Go to image- exposure- and adjust the max gain to 63 (I'm pretty sure that's the default). That will brighten up the image a little but you will need to adjust additional settings. You can adjust the Blur-Noise tradeoff slider to less noise in small increments to see if that reduces the noise in the image but that may cause more motion blur.
If your sharpness is set to 100 that's too high and can introduce noise. What was the reason for changing the sharpness from the default settings?
I recommend using either the "forensic" or "Vivid" scene profiles at the default state until you fine tune the camera. I think you're adjusting too many settings at once without verifying if the adjustments are hurting or helping the image quality.

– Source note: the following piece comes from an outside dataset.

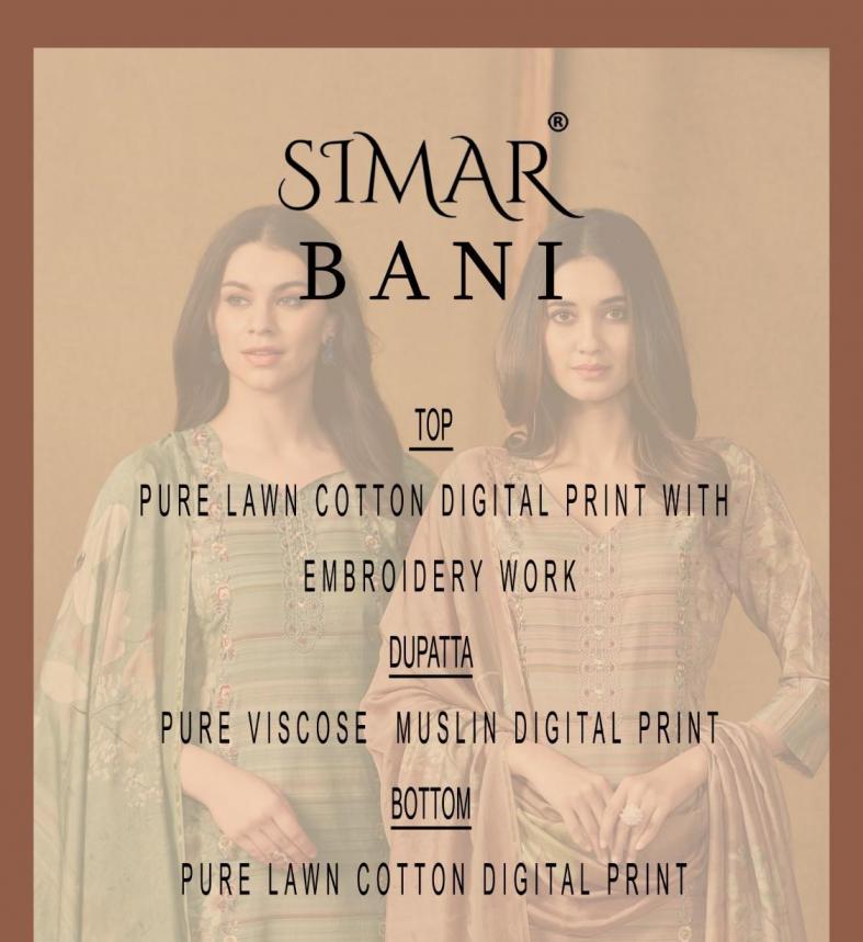 Looking for BANI SIMAR GLOSSY LAWN COTTON DIGITAL PRINT SUIT Full Catalouge at Best Price? Buy Now BANI SIMAR GLOSSY LAWN COTTON DIGITAL PRINT SUIT at Wholesale Rate of Rs 5580 with Total 4 Pcs from authroized dealer and supplier of Simar Brand. Cost of Each piece is just only Rs 1395 which is very low and affordable price to resale the product in your retail store. rrgandhi is Surat based Wholesale Supplier & Dealer of Simar Brand. Click on Brand name to Know more about Brand's products.

Go to video- image and select Overlays. Add a text overlay and type in "#B" without the quotation marks. This will display the current bitrate on the camera live feed. I recommend doing this while you're fine tuning the camera.
What are your current bitrate settings? Go to Video- Stream and click on General for compression, Zipstream for the Zipstream setting and bitrate control for the bitrate setting.
You can increase the bitrate by decreasing the compression (default is 30). Just keep in mind, if you use variable bitrate and turn off compression, be prepared for bitrate over 50Mb/s during the day. If you decide to disable compression, I would recommend switching to average bitrate and setting a target bitrate and a max bitrate.
Unfortunately for both you and I we're using this camera for a purpose it was not designed to do. Since the camera is mostly zoomed in, the aperture is pretty small (F=4.0 as opposed to F=1.7 zoomed out) which means we need more light to run it in color at night. The Dahua Color 4K-T has an aperture of F1.0 for reference.
I have a lot less light than you do and I'm able to get a better color image of a moving person at night than you. I think you can definitely improve the image quality but I personally don't think this is the right camera for your intended purpose. This camera is really designed for an overview of a large well lit area.
Also, what is the distance from where the camera is mounted to the sidewalk where the people were walking in the video?
I'm going to attempt to fine tune mine to run in color at night instead of IR. If I can find settings that I like, I'll post them for you to try.